I am trying to print my own fantasy masters screen for my son (he hasn't
memorized enough yet, but I'm working on him), and I was wondering if someone
could tell me what the original dimensions were for the screen. Was it one or
two sided? How many folds were there? Was the information on the box part of
the screen or used as separate hand outs?

I really appreciate any help,

Joseph Simpson

"For it is God who works in you to will and to act according to His good
purpose." (Philippians 2:13)
  ----- Original Message -----
  From: Jay Carlisle<mailto:Maou_Tsaou@charter.net>
  To: tft@brainiac.com<mailto:tft@brainiac.com>
  Sent: Tuesday, May 11, 2010 6:22 PM
  Subject: Re: (TFT) RE: Heat and temperature


  ----- Original Message -----
  From: "Mark Tapley"

  > At 16:26 -0400 5/8/10, Jay wrote:
  >>1 cubic foot of air is VERY roughly 0.075 lbs or a little more than an
  >>ounce
  >>per square which is approaching 5 lbs of air per cubic square hex.
  >
  > Wikipedia says approximately 1.2 kg/m^3 (sea level, 20C, yeah, yeah,
  > OK).
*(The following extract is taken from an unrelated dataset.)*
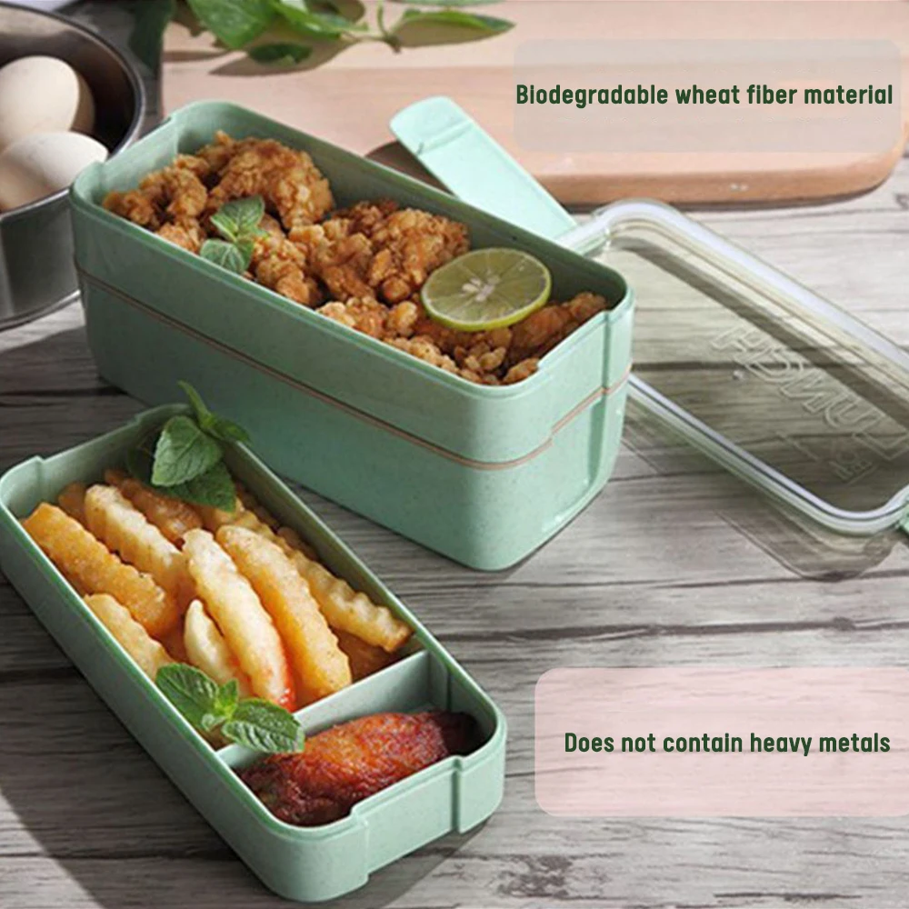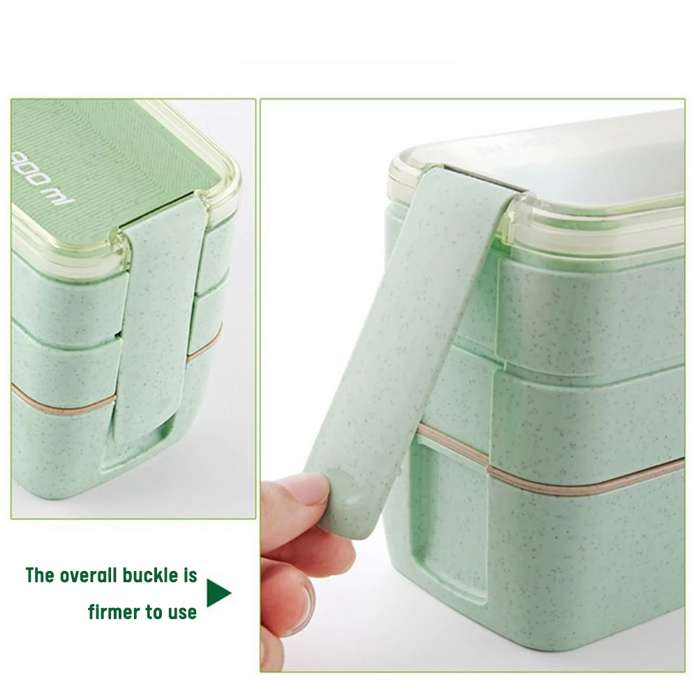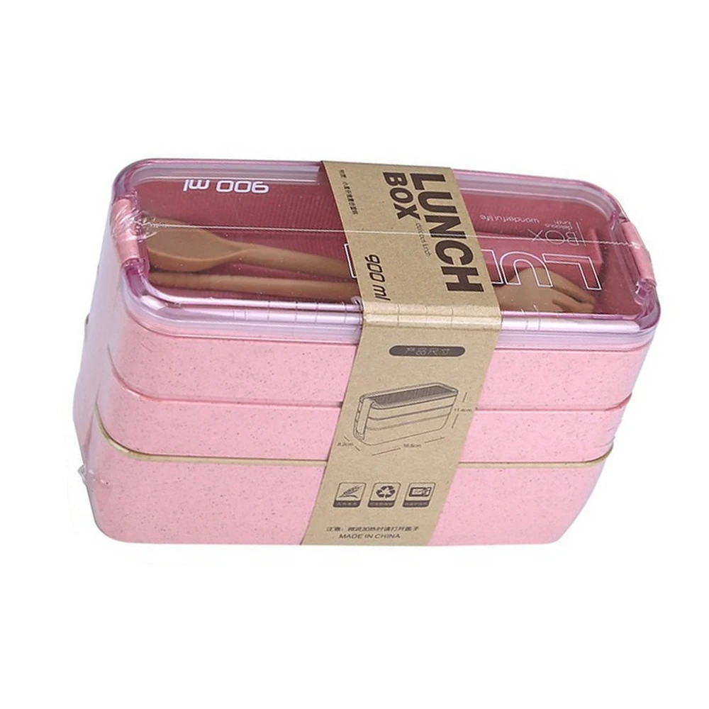 Ланч-бокс из пшеничной соломы, пластиковое волокно, квадратная трехслойная Студенческая коробка для завтрака, Ланч-бокс с столовыми принадлежностями, контейнеры для хранения еды, кухонные инструменты

Not sure I got my conversions right, but if I did, I agree on
  > the 0.075 lbs/cu.ft. .
  >

  LOL!
  I KNOW HUH?
  Then you start trying to corolate with old-school gaming systems that the
  designers NEVER had the access to information that we have now and you can
  get into a real whirl!


  > How big is a "cubic square hex"? How tall is a hex?
  >

  Hee hee hee!
  I drew it this way for a reason.
  1 square hex = 1.3m by 1.3m by 1.3m
  The height on Joe Average (hero @ 6' i.e. average PC Figure) comes up to his
  nipple-line porportionally.
  That is 6 of the Figures 8 heads in porportional height.
  Body relative, Giants and Halflings fit into these same "lego-blocks"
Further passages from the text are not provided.